Fig. 5. Representative electroencepholagram from patients harbouring a GOF or LOF variant.

Interictal EEG showed a disorganized background activity with intermixed 12–15 Hz component (blue boxes) and multifocal epileptiform abnormalities (red circles) in patients with gain-of-function variants and normal/slightly delayed background activity, with generalized high amplitude 3–4 Hz activity/spike and slow waves (dotted lines) in patients with loss-of-function variants.

Fig. 6. 2D structural map of pathogenic and benign missense GABRB3 variants.

a, b Two-dimensional representation of a GABA_A receptor β3 subunit depicting binding loops (blue), coupling loops (pink) and four transmembrane regions (orange) is shown with a row of black dots indicating the location of benign variants in the gnomAD database. The upper row of dots indicates pathogenic or likely pathogenic GOF (blue), LOF (red) variants, benign or likely benign (grey) variants and VUS (white) variants. Source data are provided in the Source Data file.

Fig. 7. 3D structural map and concentration–response curves.

3D structure of GABA_A receptor β3 subunit displaying the location of: gain-of-function (blue), loss-of-function (red) and dual (purple) variants, with the variants showing no functional change in grey. a–e Structure of the β3 subunit with the backbone coloured in grey and a close-up view of residues a directly binding GABA; b in the outer shell of GABA binding; c β1-2 coupling loop; d M2-M3 coupling loop and e M2 region with amino acid sidechains of residues containing variants in sticks.
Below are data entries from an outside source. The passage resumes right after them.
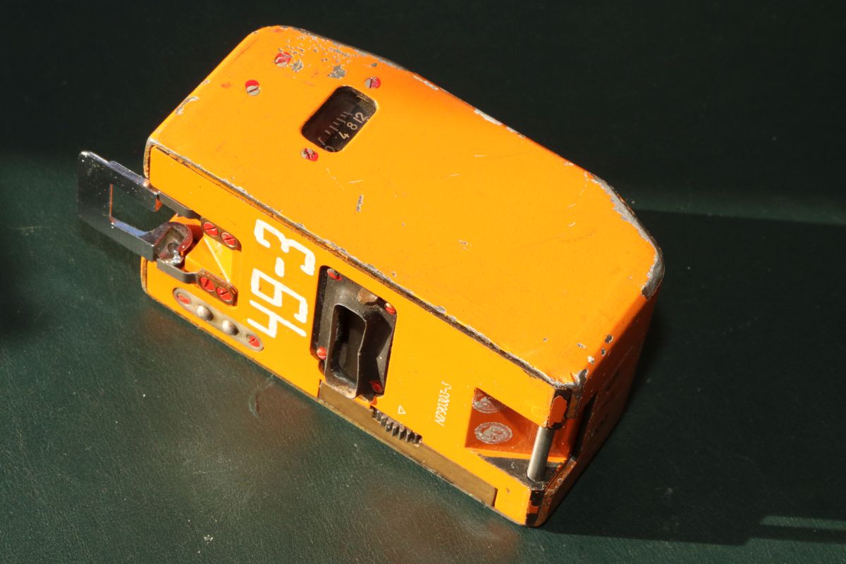 {MIG-23 Blackbox} Dank Miro ist mir noch ein nettes Exponat vor die Kamera gefallen: eine Blackbox vermutlich aus einer russischen MIG-23. Also nicht die ganze Blackbox, sondern nur die Filmbox. Aber immerhin.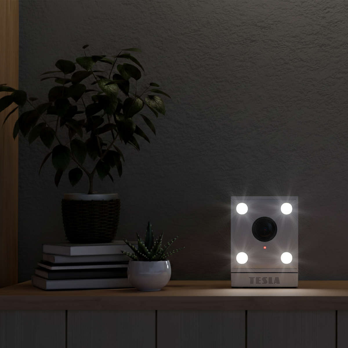 Podczerwone nocne widzenie zapewnia czysty czarno-biały obraz. Jeśli chcesz widzieć w naturalnych kolorach po zmroku, cztery mocne diody LED oświetlą otoczenie, dzięki czemu obraz pozostaje jasny i kolorowy nawet przy słabym świetle. Kamera rozpoznaje osoby i ruch do około 10 metrów – zobaczysz śpiące dziecko, zwierzę domowe lub potencjalnego intruza.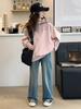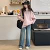 Traje para niña Primavera y Otoño 2025 Nuevo Estilo para Niños Medianos y Grandes Suéter para Niña Pantalones Rectos de Mezclilla Holgados Conjunto de Dos Piezas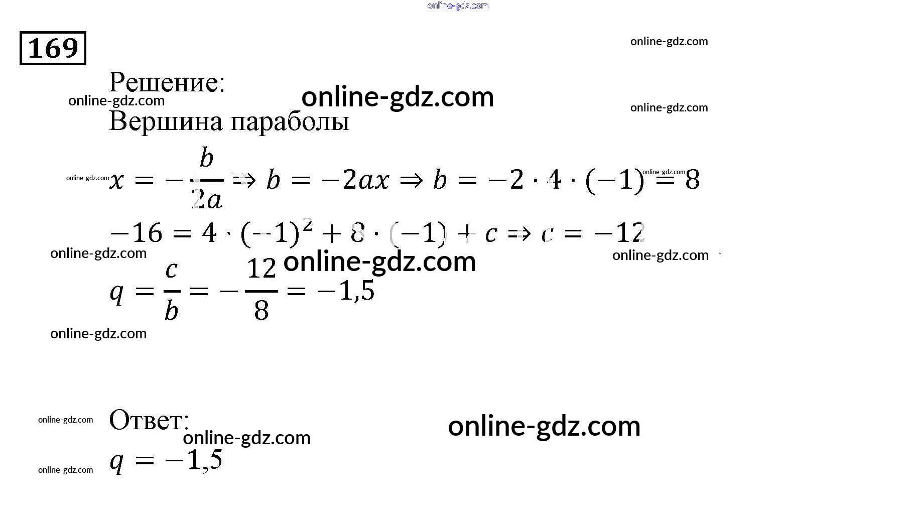 Готовые домашние задания по Алгебре за 9 класс Задачник Мордкович, Александрова 2010 - Функции и графики Итоговое повторение (2010) 169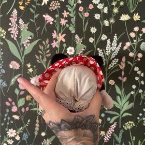 Details: Hard plastic eyes, iconic red dress with white polka dots, white gloves, and yellow shoes.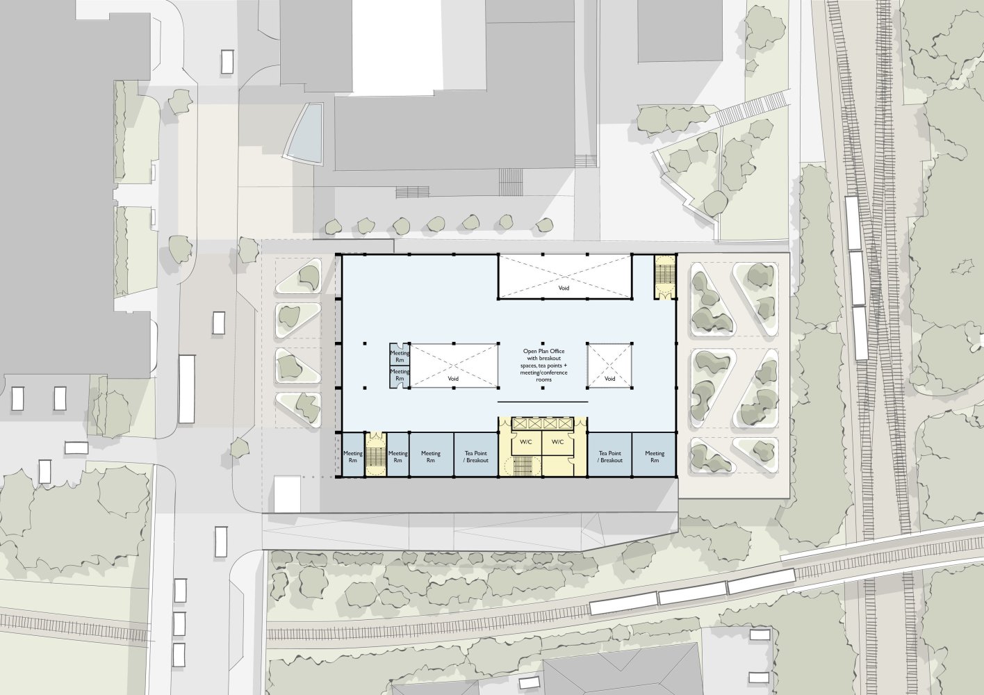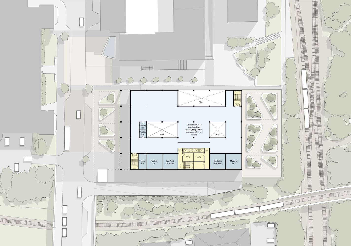 We provided design and surveying services in support of this, providing feasibility options for two new build options. One was for a 50,000 ft2 office over two storeys and the other for 75,000 ft2 over three storeys. Both were proposed to be constructed above an existing three-storey car park in Bury.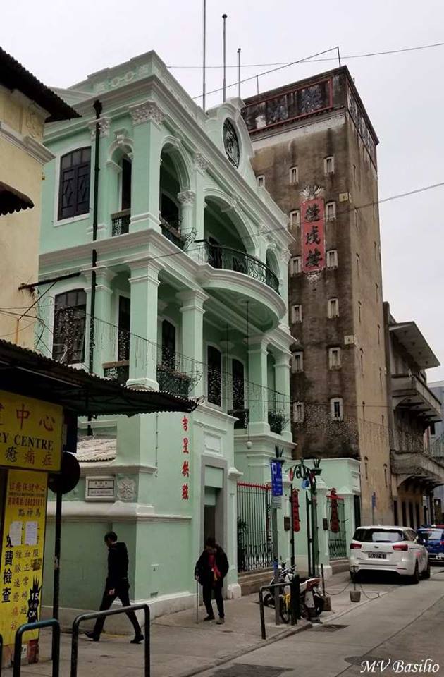 O edifício de cor esverdeada é a Casa de Beneficência “Tung Sin Tóng” e, a seguir, vê-se a torre prestamista da Casa de Penhores Tak Seng On (德成按). Foto MV Basílio

Red indicates loss-of-function, blue indicates gain-of-function variants and GABA is in black. Concentration–response curves for variants directly binding GABA. Dots represent mean ± s.d. and lines the fitted Hill equation. Wild-type concentration–response curves run on the same days as the variants are shown in black. Red indicates loss-of-function and blue indicates gain. For each panel, a n = 35, 12, 11, 12, 12 independent experiments at wild-type, E180G, Y182F, F225C, Y230H; b n = 34, 11, 12, 14, 13, 11, 13, 14 at wild-type, D120N, L124F, K127R, E178G, Y184H, T185I, R232Q; c n = 34, 12, 11, 12, 11, 10 at wild-type, S76C, E77K, V78F, M80K, M80T; d n = 36, 15, 11, 12, 10, 10, 24 at wild-type, I300T, P301L, Y302C, A305T, A305V, I306T; e n = 57, 12, 14, 11, 11, 12, 12, 11, 11, 11 at wild-type, I280F, T281A, T281I, L284M, L284P, L284R, T287I, T288N, L293H. Source data are provided in the Source Data file.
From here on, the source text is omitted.